Taxonomic classification, core genome comparison, unique methylated thiol-specific methanogenic metabolism and obligate heterotrophy all agree that WSA2 is a novel Euryarchaeota class with distinct features from other methanogens. Their heterotrophic, auxotrophic and ammonia-dependent nature is unique and yet appropriate for the organic-rich anaerobic environments they are often associated with (that is, wastewater treatment sludge and marine sediments) where fermentation and methanogenesis produce the required carbon sources (acetate, propionate and CO2), amino acids, ammonia (Blair and Carter, 1992; Lettinga, 1995) and possibly free CoM. Moreover, fermentative degradation of methionine and methoxylated compounds may yield sufficient DMS to support methanogenesis (Kadota and Ishida, 1972; Zinder and Brock, 1978; Finster et al., 1990; Kiene and Hines, 1995). Thus, we suspect that this novel archaeon is adapted to performing methanogenesis in eutrophic anaerobic environments and bridging the carbon and sulfur cycles. In addition, the existence of a dedicated H2-oxidizing methylated thiol reducing methanogen can significantly change our thermodynamic understanding of anaerobic ecosystems. Typical CO2-reducing methanogenesis (4H2+HCO3→CH4+3H2O: ΔG°′=−135.56 kJ mol CH4−1) rapidly becomes thermodynamically unfavorable as H2 concentration decreases due to the high stoichiometry of input H2 to generated CH4 (4:1) in contrast with the low stoichiometry (1:1) of WSA2-like methanogenesis (for example, H2+DMS→CH4+CH3SH: ΔG°′=−161.14 kJ mol CH4−1). For example, at 10 Pa H2, CO2 reduction would only yield −18.48 kJ mol CH4−1, while DMS reduction would yied −140.04 kJ mol CH4−1 (50 kPa CH4, 100 μm thiols, 50 mm bicarbonate). In theory, WSA2-like methyl reduction could thrive under low H2 concentrations and maintain H2 lower than CO2-reducing methanogenesis to support H2 producers (that is, syntrophs and fermenters) and also compete against sulfate reducers (4H2+SO42−+H+→HS+4H2O: ΔG°′=−152.2 kJ mol−1). Thus, WSA2 may have an essential and overlooked ecological role for syntrophy in methanogenic environments (for example, anaerobic digestion) and competitive methanogenesis in sulfate-reducing environments (for example, marine sediments).

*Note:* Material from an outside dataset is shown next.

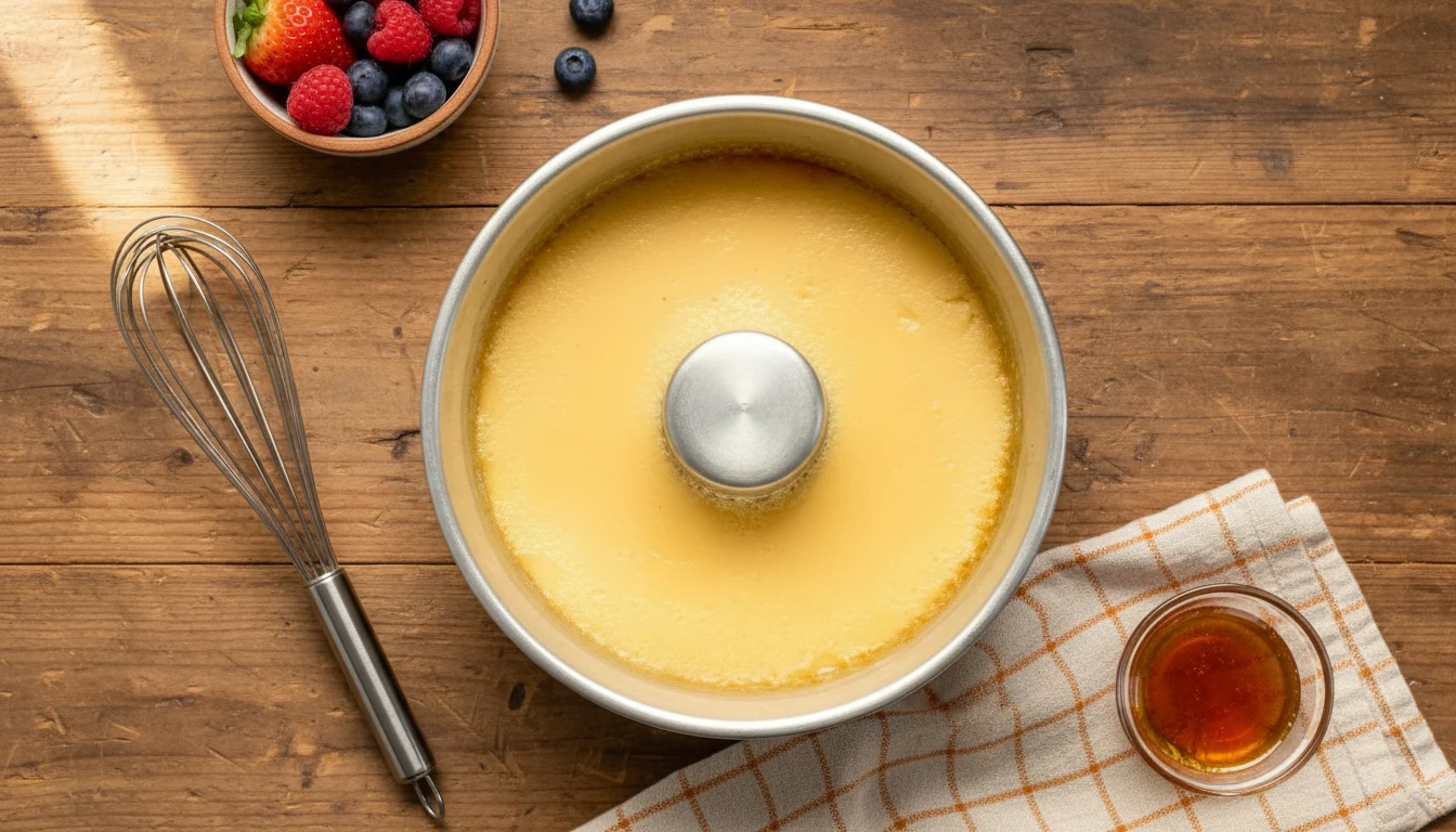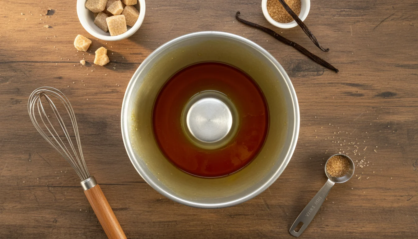 - Transfira a calda para uma forma de pudim com 19 cm de diâmetro, espalhando para cobrir todo o fundo e as laterais. Reserve enquanto prepara o pudim.

Besides these unique features, WSA2 has signatures of cytochrome-independent methanogenesis (heterodisulfide reductase–methylviologen-reducing hydrogenase energy conservation), Methanosarcinales and Methanococcales F420 modification, and Methanosphaera and Methanomassiliicoccales internal H2 cycling. In addition, characterization of WSA2 expands the phylogenetic range of methanogen heterotrophy. In conclusion, we present the first detailed description of the sixth methanogen class WSA2 as a significant step forward in understanding methanogen phylogeny, metabolic diversity and contribution to global biogeochemical cycles with provisional class and species assignment of ‘Candidatus Methanofastidiosa’ class. nov. (Me.tha.no.fas.tid.i.o'sa. N.L. pref. methano-, pertaining to methane; N.L. f. adj. fastidiosa, highly critical; referring to the nutritional fastidiousness of the organism, particularly on primary isolation) and ‘Candidatus Methanofastidiosum methylthiophilus’ gen. nov. sp. nov. (Me.tha.no.fas.tid.i.o'sum. N.L. pref. methano-, pertaining to methane; N.L. neut. adj. fastidiosum, highly critical; referring to the nutritional fastidiousness of the organism, particularly on primary isolation/me.thyl.thi.o'phi.lus.M.L.n. methy l, the methyl group; thi.o′phi.lus. Gr. n. thio n sulfur; Gr. adj. phylos loving; N.L. neut. adj. methylthiophilus methyl- and sulfur- loving).